* [Data segment]:
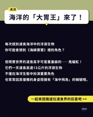 每次談到濾食海洋中的浮游生物,你可能會想到《海綿寶寶》裡的某些角色,但你知道嗎?真實世界裡的濾食達人可是「重量級」選手——鬼蝠魟!它們一天濾食高達13公斤的浮游生物,不僅在海洋生態中扮演重要角色,也常常因其優雅的身姿而被譽為「海中飛鳥」。今天,就讓我們來認識這位濾食界的巨星吧!
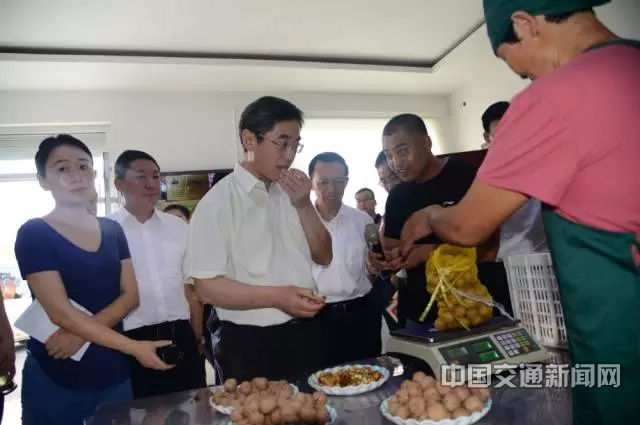 交通运输部副部长戴东昌(右二)、山东省政府副省长王书坚(左三)、部公路局局长吴德金(右一)、山东省临沂市市长张术平(右三)等领导在临沂市参观、了解当地“四好农村路”情况。张伟摄
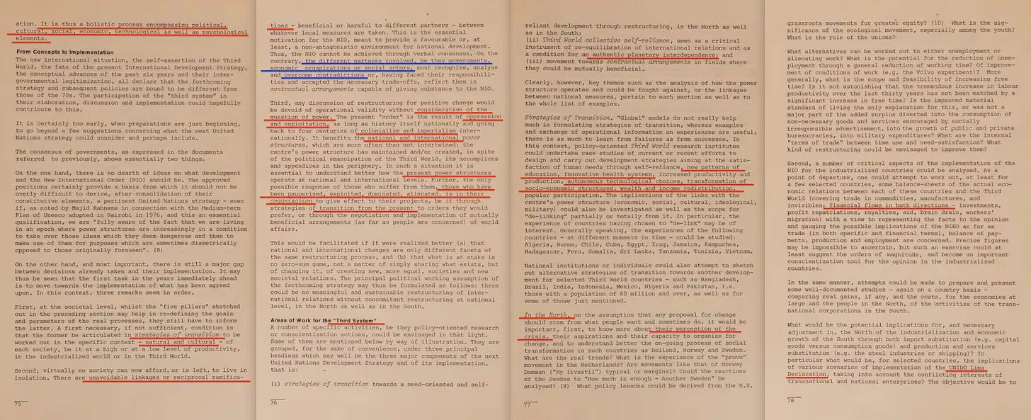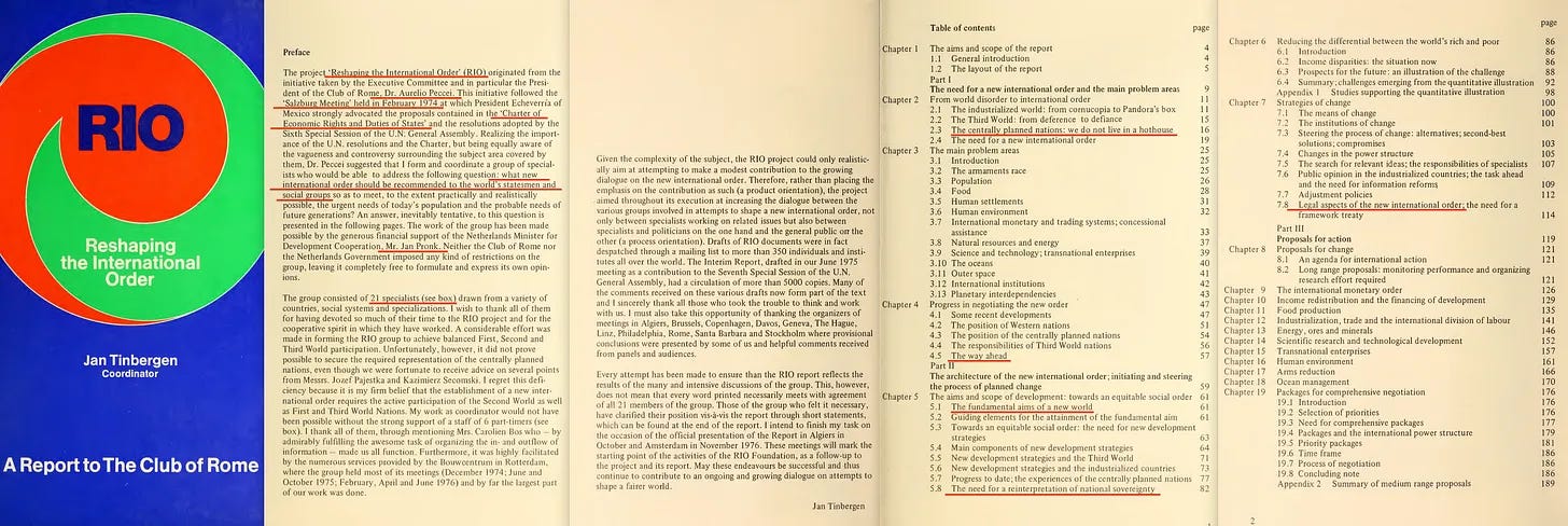 Όσον αφορά το πρώτο από τα δύο έγγραφα, εδώ είναι το Reshaping the International Order [4] , το οποίο δημοσιεύθηκε από τη Λέσχη της Ρώμης το 1976, ενώ οι σχετικές διασκέψεις ξεκίνησαν το 1974.

* [Task to complete]: Strip out the pictures and repeat the listing above exactly.

* [Reply]:
 每次談到濾食海洋中的浮游生物,你可能會想到《海綿寶寶》裡的某些角色,但你知道嗎?真實世界裡的濾食達人可是「重量級」選手——鬼蝠魟!它們一天濾食高達13公斤的浮游生物,不僅在海洋生態中扮演重要角色,也常常因其優雅的身姿而被譽為「海中飛鳥」。今天,就讓我們來認識這位濾食界的巨星吧!
 交通运输部副部长戴东昌(右二)、山东省政府副省长王书坚(左三)、部公路局局长吴德金(右一)、山东省临沂市市长张术平(右三)等领导在临沂市参观、了解当地“四好农村路”情况。张伟摄
 Όσον αφορά το πρώτο από τα δύο έγγραφα, εδώ είναι το Reshaping the International Order [4] , το οποίο δημοσιεύθηκε από τη Λέσχη της Ρώμης το 1976, ενώ οι σχετικές διασκέψεις ξεκίνησαν το 1974.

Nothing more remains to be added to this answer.